I was able to locate the possible states that a channel can be in
here.
However there is nothing that describes the normal transitions that a
channel can make from one state to another. It appears that not all
channels make all possible state transitions.
Different Netty channels do indeed have different state transitions.
In general the possible state transitions for TCP based server
channels are:
OPEN -> ( BOUND -> UNBOUND )* -> CLOSE
If you are using a SimpleChannelHandler subclass in your pipeline
the equivalent methods for handling the upstream events when one of
these state changes occur are:
channelOpen
channelBound
channelUnbound
channelClose
Server channels never move into the CONNECTED state.

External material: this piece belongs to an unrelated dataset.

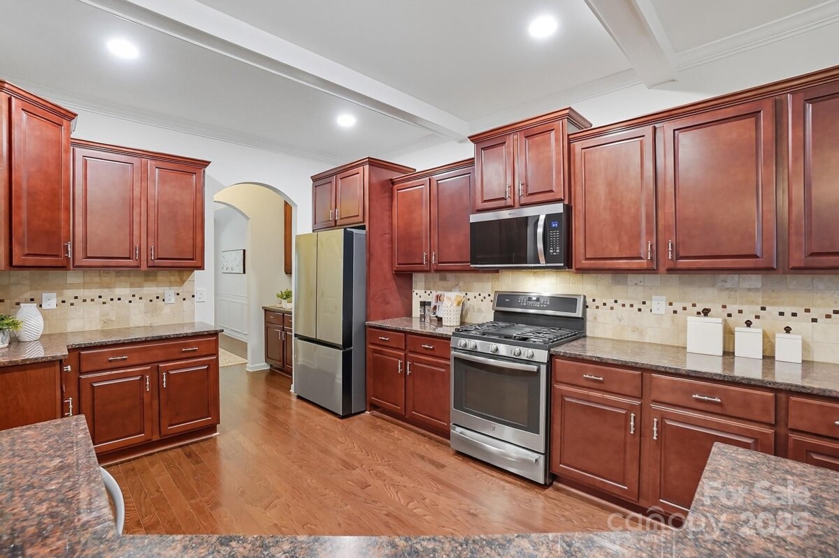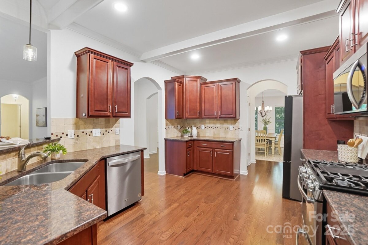 Welcome to this stunning home in the highly desirable Copper Run neighborhood, perfectly set on a private tree lined lot just under an acre. From the inviting rocking chair front porch, step inside to find fresh paint, new carpet, gleaming hardwood floors, and arched doorways that add timeless character. The spacious kitchen features granite countertops, stainless steel applicances, a butler’s pantry, tile backsplash, and cabinets galore! The main level also includes a light filled living room with a cozy fireplace, gracious dining room with wainscoting, a dedicated office, walk-in laundry, convenient drop zone and an expansive primary retreat with dual walk-in closets and a spa inspired bath. Upstairs, you’ll discover three spacious secondary rooms, two full baths with granite countertops and linen closets, a versatile bonus/rec room, and a walk-in storage area with built in shelving. Outdoors, enjoy a brand new screened in porch, perfect for morning coffee or evening conversations while overlooking the fully fenced in, landscaped yard. Follow the hidden trail to the firepit, where you can roast marshmallows under the stars, or let kids play in the dedicated play area. A storage shed and wifi irrigation adds convenience, while a four car garage with overhead storage, a high-lift garage door system, and an extra bay perfect for a boat makes room for every hobby. With neighborhood access to the scenic Mineral Springs Greenway and an ideal location between quaint downtown Waxhaw and shopping in Wesley Chapel, this home offers not just a place to live, but a lifestyle,whether you’re hosting gatherings, relaxing on the porch, or making memories by the fire. Don't miss out on this gem, schedule your appointment today!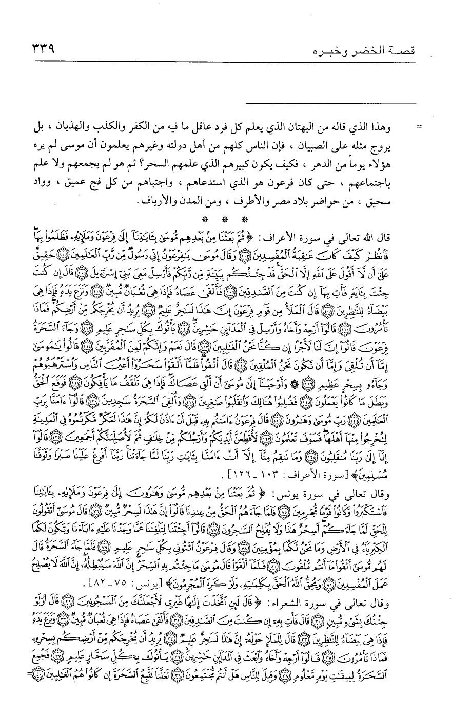 قال الله تعالى في سورة الأعراف: {ثُمَّ بَعَثْنَا مِنْ بَعْدِهِمْ مُوسَى بِآيَاتِنَا إِلَى فِرْعَوْنَ وَمَلَئِهِ فَظَلَمُوا بِهَا فَانْظُرْ كَيفَ كَانَ عَاقِبَةُ الْمُفْسِدِينَ (١٠٣) وَقَال مُوسَى يَافِرْعَوْنُ إِنِّي رَسُولٌ مِنْ رَبِّ الْعَالمِينَ (١٠٤) حَقِيقٌ عَلَى أَنْ لَا أَقُولَ عَلَى اللَّهِ إلا الْحَقَّ قَدْ جِئْتُكُمْ بِبَيِّنَةٍ مِنْ رَبِّكُمْ فَأَرْسِلْ مَعِيَ بَنِي إِسْرَائِيلَ (١٠٥) قَال إِنْ كُنْتَ جِئْتَ بِآيَةٍ فَأْتِ بِهَا إِنْ كُنْتَ مِنَ الصَّادِقِينَ (١٠٦) فَأَلْقَى عَصَاهُ فَإِذَا هِيَ ثُعْبَانٌ مُبِينٌ (١٠٧) وَنَزَعَ يَدَهُ فَإِذَا هِيَ بَيضَاءُ لِلنَّاظِرِينَ (١٠٨) قَال الْمَلَأُ مِنْ قَوْمِ فِرْعَوْنَ إِنَّ هَذَا لَسَاحِرٌ عَلِيمٌ (١٠٩) يُرِيدُ أَنْ يُخْرِجَكُمْ مِنْ أَرْضِكُمْ فَمَاذَا تَأْمُرُونَ (١١٠) قَالُوا أَرْجِهْ وَأَخَاهُ وَأَرْسِلْ فِي الْمَدَائِنِ حَاشِرِينَ (١١١) يَأْتُوكَ بِكُلِّ سَاحِرٍ عَلِيمٍ (١١٢) وَجَاءَ السَّحَرَةُ فِرْعَوْنَ قَالُوا إِنَّ لَنَا لَأَجْرًا إِنْ كُنَّا نَحْنُ الْغَالِبِينَ (١١٣) قَال نَعَمْ وَإِنَّكُمْ لَمِنَ الْمُقَرَّبِينَ (١١٤) قَالُوا يَامُوسَى إِمَّا أَنْ تُلْقِيَ وَإِمَّا أَنْ نَكُونَ نَحْنُ الْمُلْقِينَ (١١٥) قَال أَلْقُوا فَلَمَّا أَلْقَوْا سَحَرُوا أَعْيُنَ النَّاسِ وَاسْتَرْهَبُوهُمْ وَجَاءُوا بِسِحْرٍ عَظِيمٍ (١١٦) وَأَوْحَينَا إِلَى مُوسَى أَنْ أَلْقِ عَصَاكَ فَإِذَا هِيَ تَلْقَفُ مَا يَأْفِكُونَ (١١٧) فَوَقَعَ الْحَقُّ وَبَطَلَ مَا كَانُوا يَعْمَلُونَ (١١٨) فَغُلِبُوا هُنَالِكَ وَانْقَلَبُوا صَاغِرِينَ (١١٩) وَأُلْقِيَ السَّحَرَةُ سَاجِدِينَ (١٢٠) قَالُوا آمَنَّا بِرَبِّ الْعَالمِينَ (١٢١) رَبِّ مُوسَى وَهَارُونَ (١٢٢) قَال فِرْعَوْنُ آمَنْتُمْ بِهِ قَبْلَ أَنْ آذَنَ لَكُمْ إِنَّ هَذَا لَمَكْرٌ مَكَرْتُمُوهُ فِي الْمَدِينَةِ لِتُخْرِجُوا مِنْهَا أَهْلَهَا فَسَوْفَ تَعْلَمُونَ (١٢٣) لَأُقَطِّعَنَّ أَيدِيَكُمْ وَأَرْجُلَكُمْ مِنْ خِلَافٍ ثُمَّ لَأُصَلِّبَنَّكُمْ أَجْمَعِينَ (١٢٤) قَالُوا إِنَّا إِلَى رَبِّنَا مُنْقَلِبُونَ (١٢٥) وَمَا تَنْقِمُ مِنَّا إلا أَنْ آمَنَّا بِآيَاتِ رَبِّنَا لَمَّا جَاءَتْنَا رَبَّنَا أَفْرِغْ عَلَينَا صَبْرًا وَتَوَفَّنَا مُسْلِمِينَ} [سورة الأعراف: ١٠٣ - ١٢٦].

Server channels rarely move back into the BOUND state once they
move into the UNBOUND state, however this appears to be dependent
on the application so YMMV.
Note that server channels can fire events when a child channel is
opened or closed. These events can occur only after the server
channel is in the BOUND state. When these events are sent
upstream on behalf of the server channel then the following methods on
your SimpleChannelHandler subclass are called:
childChannelOpen
childChannelClosed
The possible state transitions for TCP based child and client channels
are:
OPEN -> ( BOUND -> ( CONNECTED -> DISCONNECTED )* -> UNBOUND )* -> CLOSE
It appears that moving into the CONNECTED state first is not
enforced within the channel code; however this state is invariably
fired first for both child and client channels within the Netty
framework before the channel is moved into the CONNECTED state.
If you are using SimpleChannelHandler or a subclass thereof in
your pipeline the equivalent methods are:
channelOpen
channelBound
channelConnected
channelDisconnected
channelUnbound
channelClose
A TCP based channel must be in the CONNECTED state before anything
can be read or written to the channel. This includes server channels,
which can never be read from or written to, which is not much of a
surprise as server channels are invariably used only for managing the
connect operation on behalf of the server.
Datagram sockets operate differently than TCP based sockets in that
they can be used to read and write data without actually being
connected (though connecting a datagram socket can be faster as you
avoid security checks). Datagram sockets can be effectively used
using both of the state transitions listed for TCP based child and
server channels described above.